Круговерть бушевала по этажам круглые сутки без перерыва на обед. Ване такая жизнь нравилась. Он ходил по штабу, знакомился с командирами. Девушки-машинистки (их называли в шутку «ремингтонными барышнями» за то, что они печатали на машинках марки «Ремингтон») в нем души не чаяли, но он с ними поссорился - они взяли и повязали платочек на Ивана: «Ой, какая хорошенькая девочка!» Надо же такое придумать!

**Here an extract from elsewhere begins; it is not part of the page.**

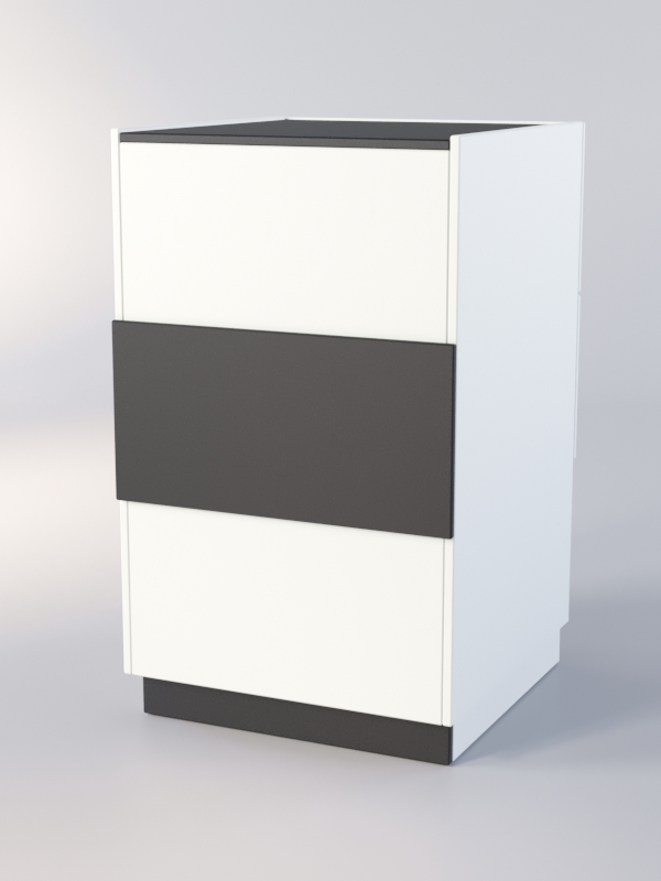 Прилавок полностью закрыт со стороны покупателя. С внутренней стороны имеет одно отделение и два выдвижных накопителя, оборудованных замком. Каркас можно изготовить в другом цветовом сочетании, выбрав варианты, перечисленные на сайте.

На первом этаже находился бывший ресторан. Он не работал, его хозяин удрал с беляками на Черное море, дошли слухи, что он добрался до Парижа. Хозяин был дальновидным человеком - сумел до бегства обратить столовое серебро, картины, посуду в наличные доллары и фунты стерлингов. От прежней роскоши «Бештау» остались лишь пальма в кадке и фикус в высокой фаянсовой китайской вазе, мебель, обитая плюшем, ценности не представляла. Ресторан был закрыт. Ваня несколько раз залезал в него со двора из любопытства. Большой зал со столиками, кабинетами, большая кухня и множество кладовок для продуктов… Хорошо было играть в дикий Запад. И вот в одно прекрасное утро двери ресторана оказались распахнутыми.

Ваня вошел в зал.

Ресторан захватил агитотряд. И «Бештау» сразу стал напоминать вокзал в Ростове, когда на пятый запасной путь подают теплушки из Армавира для мешочников из Тамбова. Недаром говорят, что порядок в театре потеряли при. первой постановке греческой трагедии вместе с текстом.

Ресторан без хозяина, агитотряд без командования. Киномеханики и киноаппарат с «динамкой», оборудованной велосипедным приводом, чтоб дать ток, забрали во Владикавказе, плакаты про вшей и дизентерию вместе с чтецами-декламаторами услали в Среднюю Азию. Осталась часть труппы Народного революционного театра имени первого выстрела крейсера «Авроры», духовой оркестр, художник и два режиссера - Георгий Людвигович Пффер (классик) и Усов-Борисов (авангардист).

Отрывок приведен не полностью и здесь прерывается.